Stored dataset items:
+++

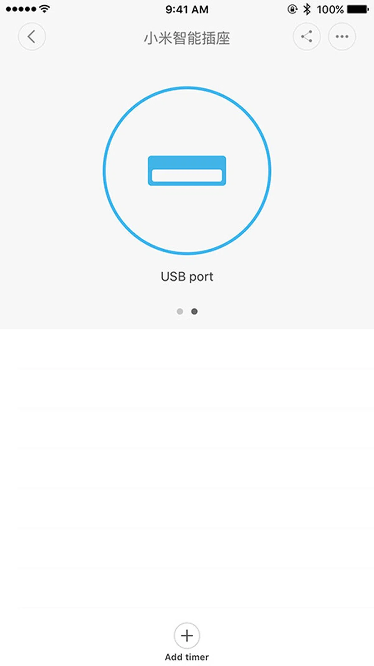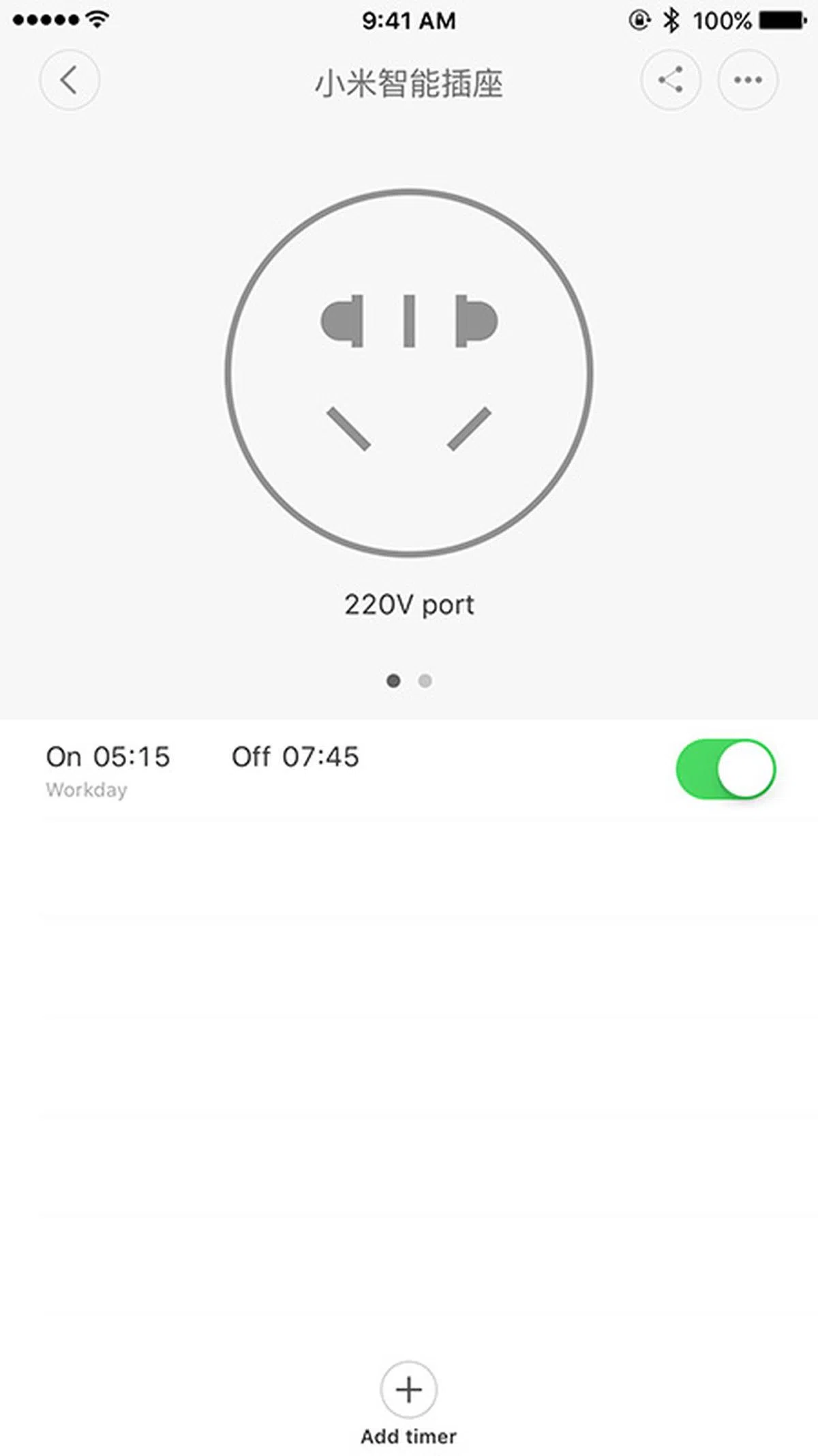 The app that allows you to control the Mi Plug is called 小米智能家庭, which literally translates to Xiaomi Smart Home. (The 小米路由器 (Xiaomi Router) app can also be used to control the Mi Plug.) Despite the Chinese name, the app seems to have been localized, as text within the app shows up in English.
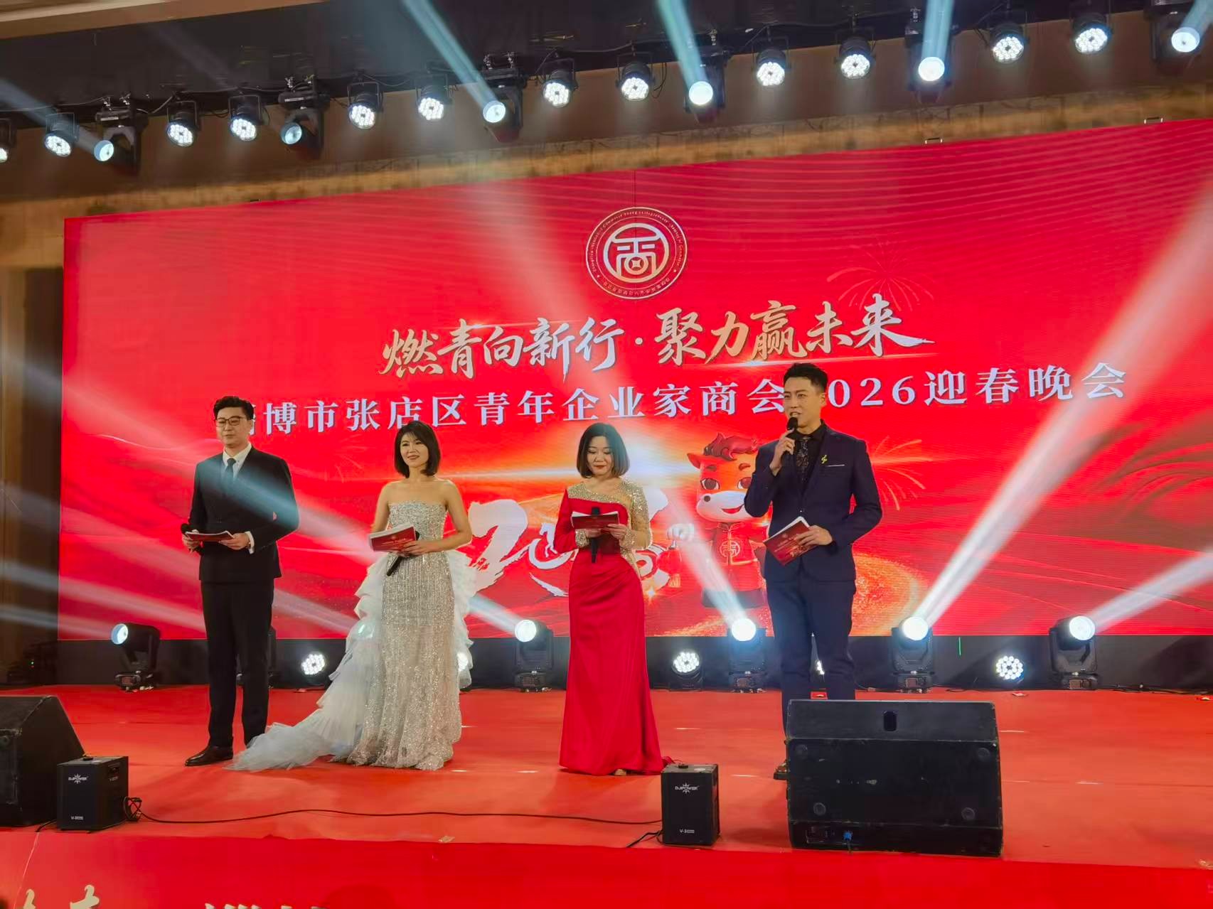 速豹新闻网苗露 王盛利 张一诺 通讯员 张文淄博报道:1月26日晚,淄博市张店区青年企业家商会“燃青向新行 聚力赢未来”2026跨年晚会在淄博海悦瑞景酒店圆满举行。张店区青年企业家商会会员单位代表与社会各界嘉宾约400人齐聚一堂,共赴青春盛宴,共话发展新篇。
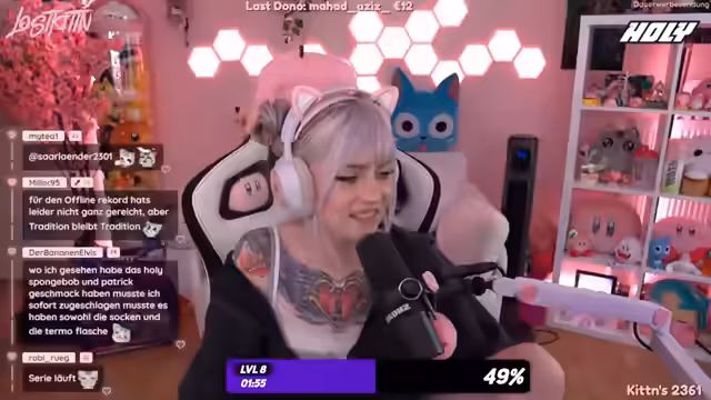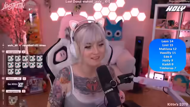lostkittn hatte anfängliche technische Schwierigkeiten mit den Kopfhörern. Ein Clip-Pony wurde präsentiert und Haarfarben-Experimente diskutiert. Die Unterstützung der Zuschauer wurde mit einem Offline-Hype-Train Level 14 gefeiert. Ein IRL-Stream mit Lilly ist in Planung. Spongebob Merchandise, Holy Produkte und Guess Games mit Bonjivor standen im Fokus.
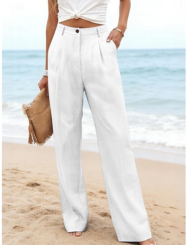 Damen Kunstbaumwollleinen Weite Hosenbeine Chinos Sommerhose Urlaub Streetwear Basic Volle Länge Mittlere Taillenlinie Einfach Tasche Elastischer Bund Bequem Komfort Dehnbar Täglich Outdoor Straße
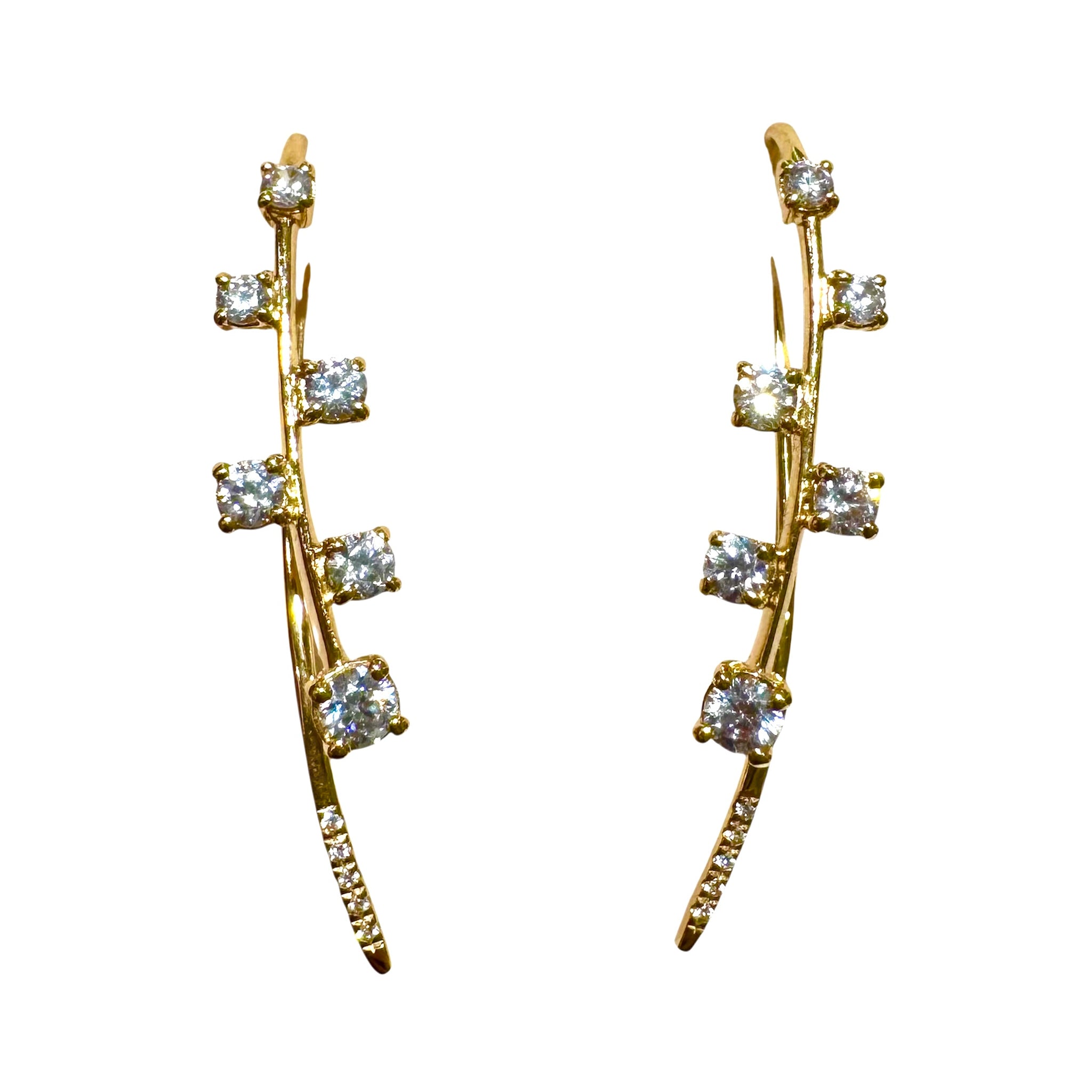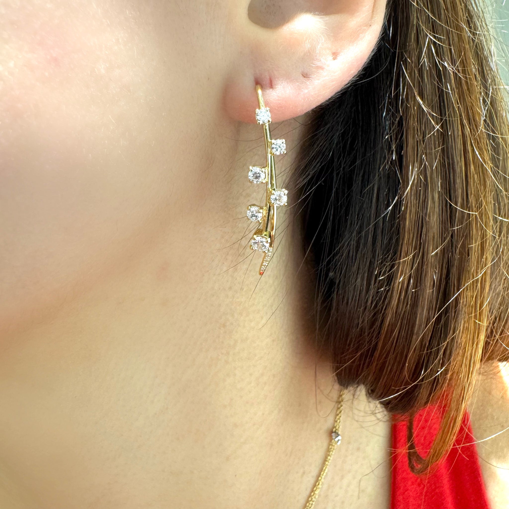 Orecchini in oro giallo 18KT/750% con canna rigida, piena e pendente con sei zirconi incastonati sulla parte frontale sulla parte frontale.

+++

PROBLEM TO SOLVE: Please output an exact repetition of the lines from the line containing "Damen Kunstbaumwollleinen Weite" to the end of the records, both included, with no pictures and no additional text.

YOUR SOLUTION:
 Damen Kunstbaumwollleinen Weite Hosenbeine Chinos Sommerhose Urlaub Streetwear Basic Volle Länge Mittlere Taillenlinie Einfach Tasche Elastischer Bund Bequem Komfort Dehnbar Täglich Outdoor Straße
 Orecchini in oro giallo 18KT/750% con canna rigida, piena e pendente con sei zirconi incastonati sulla parte frontale sulla parte frontale.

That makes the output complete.